The definition asks for a random variable that is visible to the smaller information structure while preserving all integrals over that information. It is not obvious that such a visible representative exists, because the original variable may depend on distinctions that $\mathcal G$ cannot see. The existence question is resolved by treating the integrals of $X$ over $\mathcal G$-events as a measure on the smaller measurable space.

[quotetheorem:1147]

This theorem says that the preservation problem is not merely a useful definition but a well-posed operation. The output is determined only up to almost sure equality, which is exactly the right uniqueness notion for random variables in $L^1$. Conceptually, conditional expectation discards distinctions invisible to $\mathcal G$ while retaining every average that $\mathcal G$ can test. The next step is to connect this sub-$\sigma$-algebra formulation with the more common situation where the available information is generated by an observed random variable.

## Conditioning on Random Variables

An observer often reports a random variable rather than naming a $\sigma$-algebra. To condition on that observation, the theory keeps exactly the events determined by the observed value.

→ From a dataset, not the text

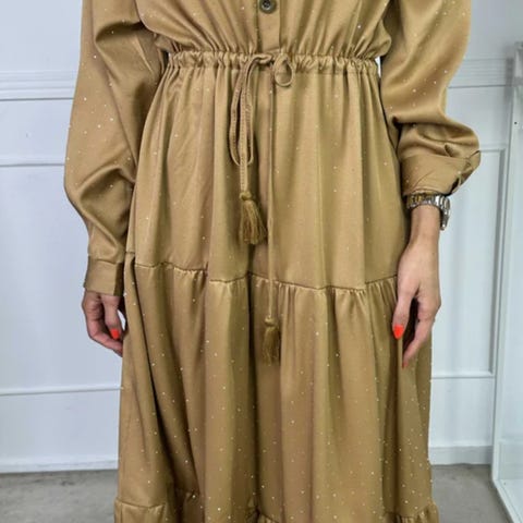 Lang kjole med lag på lag look. Hele kjolen er pyntet med skinnende similisten. Der er knapper ved brystet og snøre i taljen, som kan bindes ind.
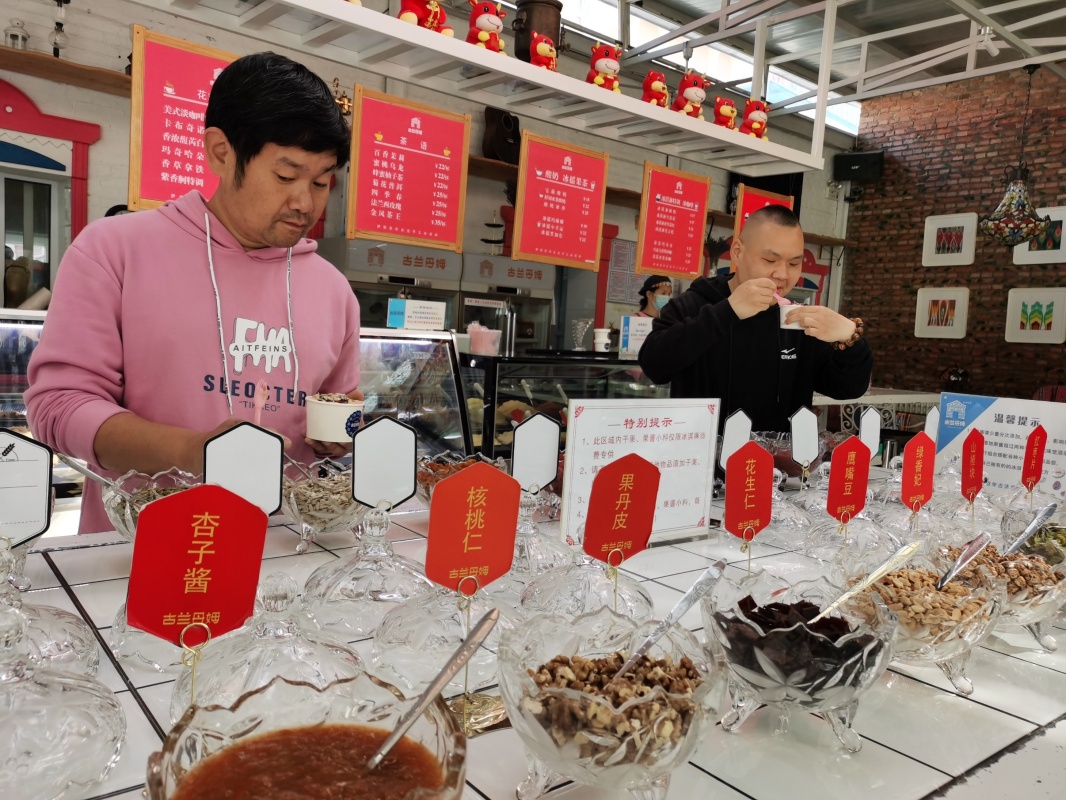 “慕名已久,终于尝到了,冰激凌很有特色,回去一定推荐朋友来吃。”广东游客刘俊杰抿了一口撒满果酱和果仁的冰激凌,满足地说。

[definition: Conditional Expectation Given a Random Variable] Let $(\Omega,\mathcal F,\mathbb P)$ be a probability space, let $X\in L^1(\Omega,\mathcal F,\mathbb P)$, and let $Z:(\Omega,\mathcal F)\to(E,\mathcal E)$ be a random variable. The conditional expectation of $X$ given $Z$ is \begin{align*} \mathbb E[X\mid Z] := \mathbb E[X\mid \sigma(Z)]. \end{align*} [/definition]

After this definition, the phrase “given $Z$” should be read as “given every event determined by $Z$”. This viewpoint is essential when $Z$ is continuous, since events of the form $\{Z=z\}$ often have probability zero and cannot support elementary conditional averages.